When thinking of healthy eating, pizza night doesn’t usually come to mind. But, with a little bit of extra effort, you can make a healthy at home pizza that will be even more satisfying than the box brought by the delivery man. Use olive oil instead of butter or shortening in your dough, and when it comes to the toppings, go easy on the cheese. Use loads of fresh veggies and sprinkle with olive oil to create a rich-tasting, healthy pizza at home.
As a general rule, when using butter, margarine, or shortening, ask yourself if olive oil may be a good substitute. Simply adding it to already unhealthy meals won’t magically transform them into healthy ones, but remember that small substitutions in your diet can make a big difference.
Now, as with everything else, don’t go on an all-olive-oil-all-the-time diet. Guzzling an extra large bottle of olive oil isn’t going to do you any good. Though it’s full of health benefits, olive oil is also high in calories, so be sure to enjoy it in moderation.

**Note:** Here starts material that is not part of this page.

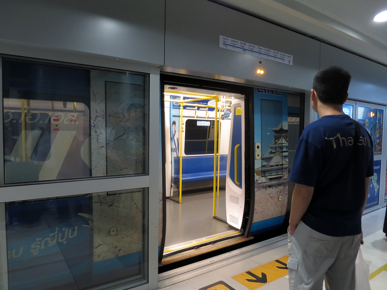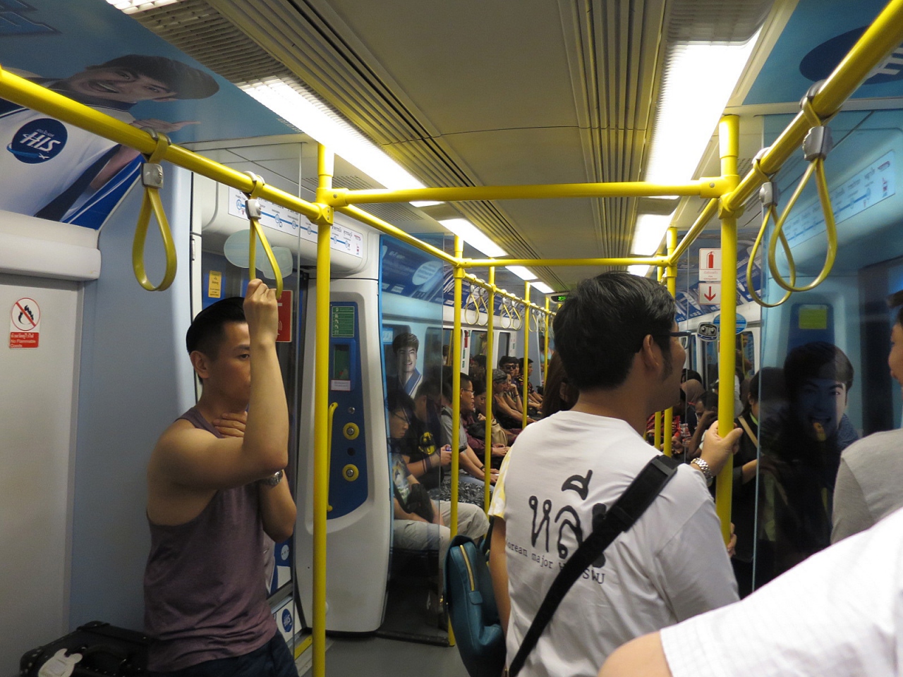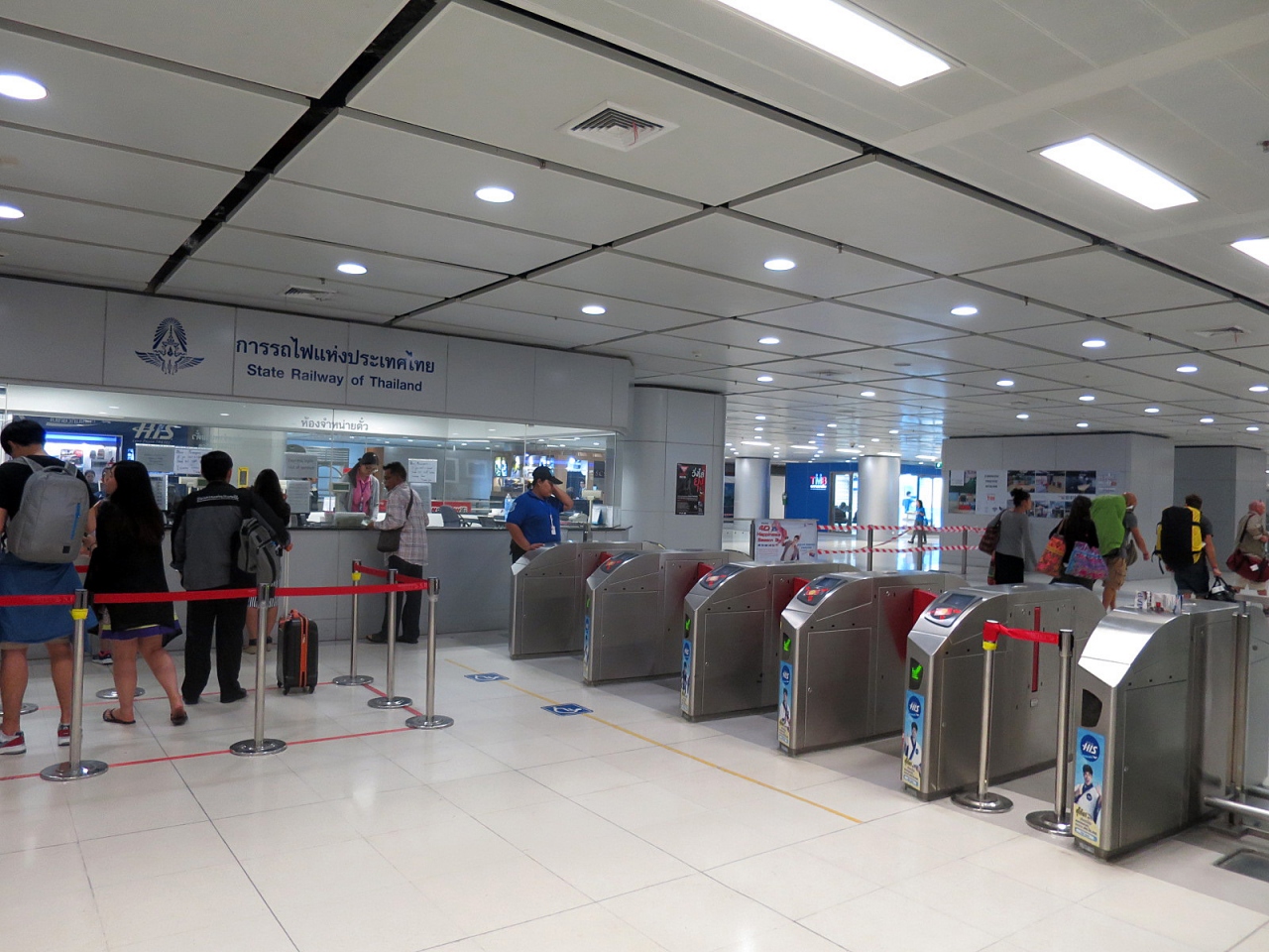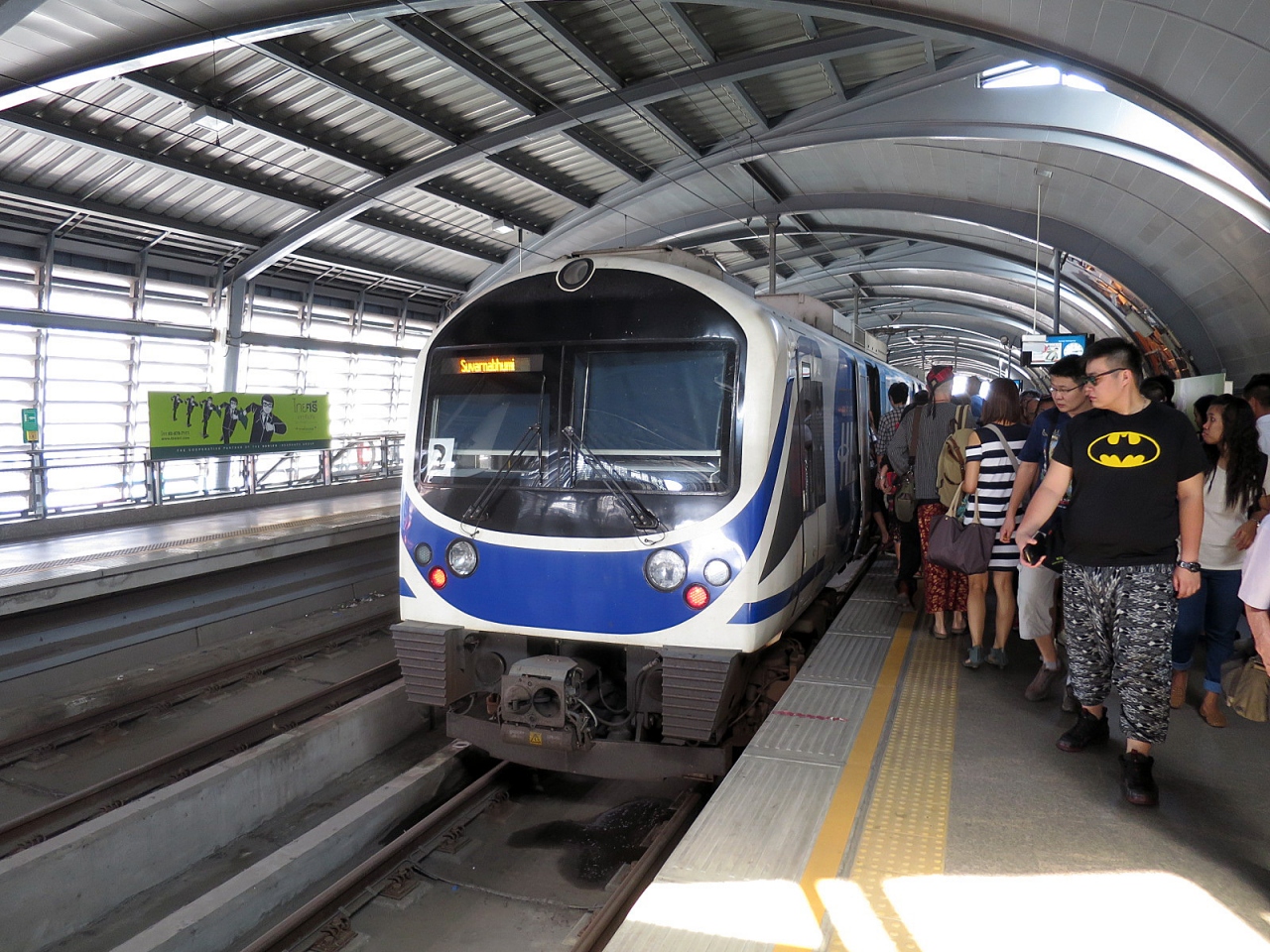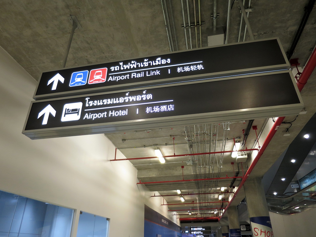 空港での表示は、英語では「エアポート・レールリンク」ですが、タイ語では「ロットファイ・ファー・カオ・ムアング」となっていますから、直訳すると「市内行き空中電車」ですね。今回はチェンマイからバンコクに日中に到着し、タクシー乗り場が長蛇の列だったため、「エアポート・レールリンク」を利用しました。乗り場は空港1階で、乗車券(トークンですが…)は自動発券機でも買えますが、大きなお札しかない人は窓口で買います。今回はパヤタイまでですが、エクスプレス・リンク(急行電車)が運休中であったため、シティ・リンク(各駅電車)に乗車することになります。「エアポート・レールリンク」の長所は、まず料金が安いこと。「パヤタイ」駅まで45THBという駅から駅までの料金は、タクシーに比べると格段に安いと思います。また駅構内も車体も大変に綺麗で、日本人にとって利用しやすいですし、何よりも時間が読みやすいというのは、特に空港へ向かう場合には最高のメリットだと思います。短所は、まず込み合うことが少なくないことで、長時間のフライトで疲れた身体には、たかだか30分弱であっても電車内で立って過ごすのは辛いこともあるでしょう。ただ最も大きなマイナス点は各到着駅の設備と、そこからの利便性です。「パヤタイ」駅にしても「マッカサン」駅にしてもエレベーターやエスカレーターといった設備が脆弱ですし、トイレもありませんし、結局ホテルまで重い荷物をひきずりながらMRTやBTS駅に乗り換えたり、最終的にはタクシーを利用することになることが多いため、私自身も最初からタクシーを利用したいと思ってしまいます。同行旅行者数、利用目的や時間帯などを考えて利用したいと思います。

Finally, I’ll leave you with a surprising use for this fantastic oil — cake. This healthier dessert option is as satisfying as it is easy to make. Enjoy.
Molly Daley is a nutritionist and runs the healthy cooking, fitness, and wellness website, Diary of a Formerly Fat Girl. Find her at www.DiaryofaFormerlyFatGirl.com, or follow her on Twitter, @DOAFFG
Molly’s Skinny Lemon Blueberry Olive Oil Cake
three-quarters of a cup extra virgin olive oil
1 large lemon (or lemon juice, if you’re feeling lazy)
half a cup oat flour
half a cup cake flour
4 eggs, separated
three-quarters of a cup Splenda
half a teaspoon salt
1 cup blueberries
Preheat your oven to 350 degrees, and grease a springform pan. Grate your lemon, and whisk together 2 teaspoons of lemon zest with your flour. Set aside. Beat your egg yolks with half cup of Splenda until thick, and then add olive oil and two and a half tablespoons of lemon juice. Carefully add your flour mixture — you don’t want to overmix. Gently add blueberries, and set aside. Now, beat your egg whites with the salt until they begin to foam. Add the remaining Splenda (quarter cup) and continue beating until soft peaks begin to form. This shouldn’t take longer than five minutes, in my experience. Fold your egg white mixture into your yolk mixture. Pour batter into pan, and bake for 45-50 minutes. Let fully cool before serving, and feel free to top with extra blueberries.